From simple integration to real-world complexity
When Blue-bike initially set out to modernize their bike platform, the goal was clear: replace mechanical locks with smart locks using Bluetooth Low Energy (BLE), a wireless technology designed for short-range communication with minimal battery impact. The aim was to create a seamless mobile experience: scan, connect, unlock.
At first glance, this looked like a standard Bluetooth integration. Scan, connect, unlock. However, while the basics seemed standard, the specific requirements for Blue-bike and the integration with AXA BLE ERL2 smart locks were anything but.
When integrating with AXA, we didn’t settle for the standard software implementation. We fine-tuned the communication protocols of the hardware and the app so that the connection remains stable even in an environment with high levels of interference.
The challenge most apps underestimate
Once the platform scaled, new needs emerged:
Reliable location detection: To ensure users could always end their rides, even in GPS-poor environments like underground stations, we implemented Beacon technology as a vital fallback.
Maintenance access: Service teams needed dedicated BLE access to battery locks for maintenance purposes.
Suddenly, the app wasn’t talking to one device anymore. It was juggling multiple Bluetooth interactions at the same time.
And that’s where things started to break.
One BLE radio, multiple demands
Smartphones only have one Bluetooth radio.
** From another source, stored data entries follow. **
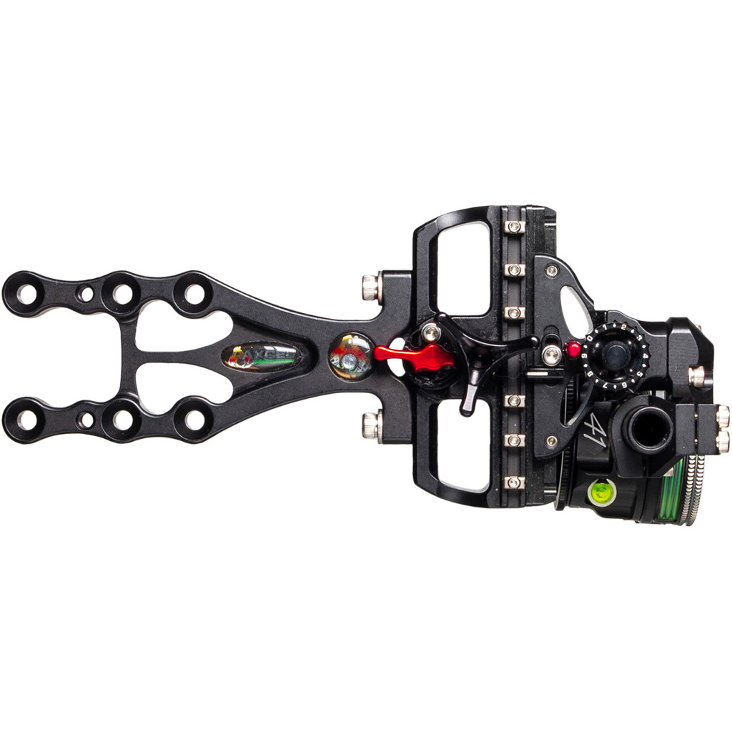 Single pin adjustable sight features Accu-Click system which allows the shooter to set “clicks” at desired distances. As the sight elevation is adjusted, it will stop at those specified distances. A 45 degree facing sight tape makes it easier for the shooter to see where the yardage indicator is set. 1st, 2nd, and 3rd axis adjustments can be made without the use of shims. Micro adjust windage is locked into place until the Windage Lock Button is disengaged. Includes Axcel AccuView Scope with Fire Pin, Crosshair Insert, and adjustable rheostat. Available in 31mm or 41mm scope diameters.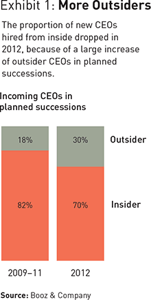 The way that companies bring their new CEOs on board has changed significantly over the years. In 2012, 29 percent of the companies in a planned chief executive transition followed an apprenticeship model, a model in which the outgoing CEO remains or becomes chairman and thus can help “apprentice” the incoming CEO. Of the companies that chose this model, 85 percent chose an insider as CEO, far higher than the number that chose outsiders. The data suggests that these companies are seeking continuity through their chief executive transition.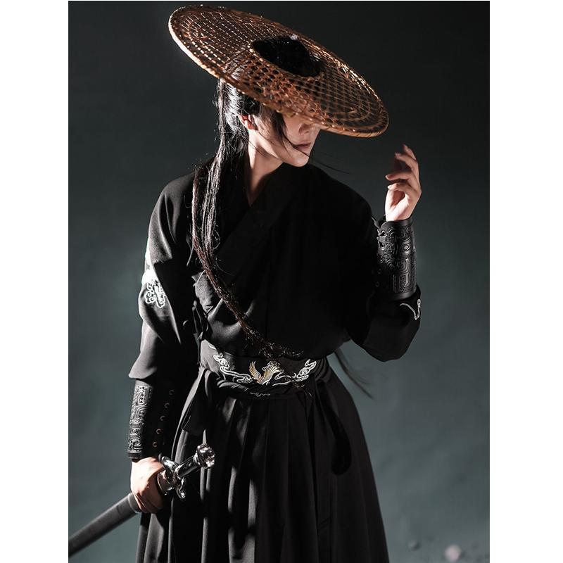 漢服男古風侠客かっこいい刺繍交襟セット男女非古着中国風日常ロングスカート刺繍

Yet many apps treat it like an unlimited resource.
In practice, this leads to:
Silent scan interruptions (especially on Android)
Features interfering with each other
Device-specific bugs that are hard to reproduce
“Works most of the time” experiences that frustrate users
For platforms like Blue-bike, this directly impacts both user experience and operations. To solve this, we leveraged our partnership to build a robust architecture that treats Bluetooth as a shared system resource.
Our approach: treat BLE as a shared resource
At icapps, we’ve seen this pattern before across multiple projects. When apps evolve, Bluetooth complexity grows with them.
Instead of patching issues later, we design for it upfront.
The key insight is simple: Bluetooth should be managed like any shared system resource.
Meaning: just as a processor decides which app gets processing power, there needs to be a system that determines which function is allowed to use the Bluetooth antenna at any given moment. Without this central management, different parts of the app (such as unlocking the lock versus searching for beacons) will compete with each other for the connection, leading to failed actions and a frustrated user.
The solution: a scan coordinator
To prevent conflicts between BLE features, we implemented a centralized scan coordinator.
In short, it:
Controls who can scan at any given time
Assigns priorities (user actions over background processes)
Temporarily pauses lower-priority scans
Applies rate limiting to avoid OS restrictions
Ensures consistent behavior across devices
This creates a predictable and stable Bluetooth layer, even as new features are added.
Why this matters for your product
If your app connects to just one device, you might never notice this problem.
But if you’re building:
A connected product ecosystem
A mobility or IoT platform
A feature roadmap with future integrations
…this challenge will surface sooner or later.
And when it does, it won’t show up in testing. It will show up in production.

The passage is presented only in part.